A inicios del nuevo milenio ya se presagiaba una guerra fría entre EE. UU. y China, con guerras subsidiarias en terceros países. No obstante, es un enfrentamiento en lo tecnológico, comercial, proteccionismo de mercados y en lo estratégico-militar como respaldo. Los realistas políticos (un ala dura de la política estadounidense) ven en China una gran amenaza, la acusan de espionaje como si esta forma de obtención de información no fuera utilizada a diario por las potencias tradicionales. Los realistas del comercio en cualquier orden político ven en China un gran lugar para invertir y un pilar más del mundo globalizado. La competencia, en todos los órdenes, ya sean económicos, políticos o estratégicos, con el gigante asiático, es uno de los principales desafíos de Occidente para esta primera mitad del siglo XXI, ya lo dijo hace más de dos siglos Napoleón Bonaparte: “es un gigante dormido, dejad que China duerma, porque cuando despierte, el mundo temblará”.

Los termómetros están altos en ese momento, porque Trump ordenó el cierre del consulado de China en Texas decisión que, al parecer, responden más al complicado ambiente electoral en EE. UU. y desviar la atención de la variedad de problemas internos que aquejan al presidente más polémico de la historia estadounidense. Solo después del 3 de noviembre se podría decir (no asegurar) que pasaría en el mundo si esta guerra fría continúa o de si esta se detendrá. Lo que hace Trump, en caso de perder las elecciones, es dejar avanzada una política de confrontación con China y comprometer a Biden a continuarla. Habría que ver si Biden tomaría esa estafeta o cambiaría radicalmente la política exterior. En los últimos 15 años la política estadounidense ha estado en el vaivén del “smart power”, “hard power”, “soft power” y más reciente en el “stupid power”.

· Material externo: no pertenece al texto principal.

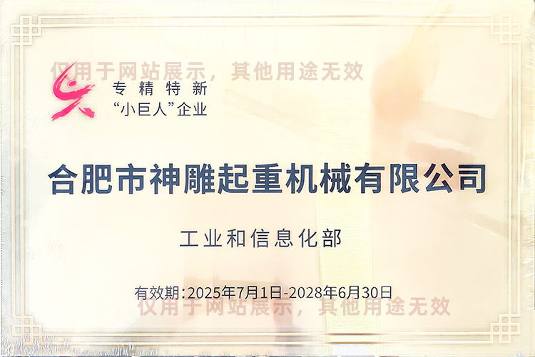 合肥神雕起重是高新技術(shù)企業(yè),是安徽省科創(chuàng)板掛牌企業(yè)(證券代碼:630331),同時(shí)榮獲安徽市場質(zhì)量、誠信五星級企業(yè)、合肥經(jīng)濟(jì)圈示范企業(yè)、合肥市創(chuàng)新型企業(yè)、安徽省市場質(zhì)量放心產(chǎn)品等榮譽(yù)稱號

Los constantes ataques de Trump contra la OTAN y los europeos se deben a que no puede desarrollar el tipo de concepción bélico-estratégica necesaria y con capacidad de reacción que sirva en su política de confrontación contra China. Por eso, EE. UU. apuesta a Pacom porque está más cerca del escenario geográfico y de una posible confrontación marítima con China como el centro de gravedad de la estrategia militar. El Pacom y el U.S Central Command (Centcom) en el Medio Oriente se fundan, ambos, en una multitud de arreglos bilaterales con países y que toca intereses chinos en lo comercial y militar. La excepcionalidad en esta dinámica geopolítica son las artificiales Islas Spratly, gigantesco proyecto industrial-militar de China en medio del Pacífico que le garantiza a Pekín una presencia militar permanente que trastoca el centro de gravedad estadounidense. Ambos están tan cerca que alejarse no es una opción.

Aunque opuestos a una confrontación abierta con China, el Pentágono hace rato no tiene guerras como las lanzadas ilegalmente en Irak y Afganistán hace casi 20 años. Ante esta escalada entre EE. UU. y China, lo que hoy debería imponerse es la flexibilidad pragmática de Nixon, Ford o Bush en una suerte de “realpolitik”, capaz de preservar un equilibrio con apoyo de alianzas con diversos gobiernos. Pero también un Xi Jinping, considerado el Deng Xiaoping moderno, dispuesto a llevar a China a lo que corresponda en su desarrollo, menos a la guerra. Cada vez que hay amagos de conflicto, surgen quienes dicen que el mundo no aguantaría una guerra más. Siempre hay lugar y tiempo para una guerra más, mientras esta, como dice Sun Tzu, se gane en los templos, donde la disuasión, la contención y el apaciguamiento son las mejores armas.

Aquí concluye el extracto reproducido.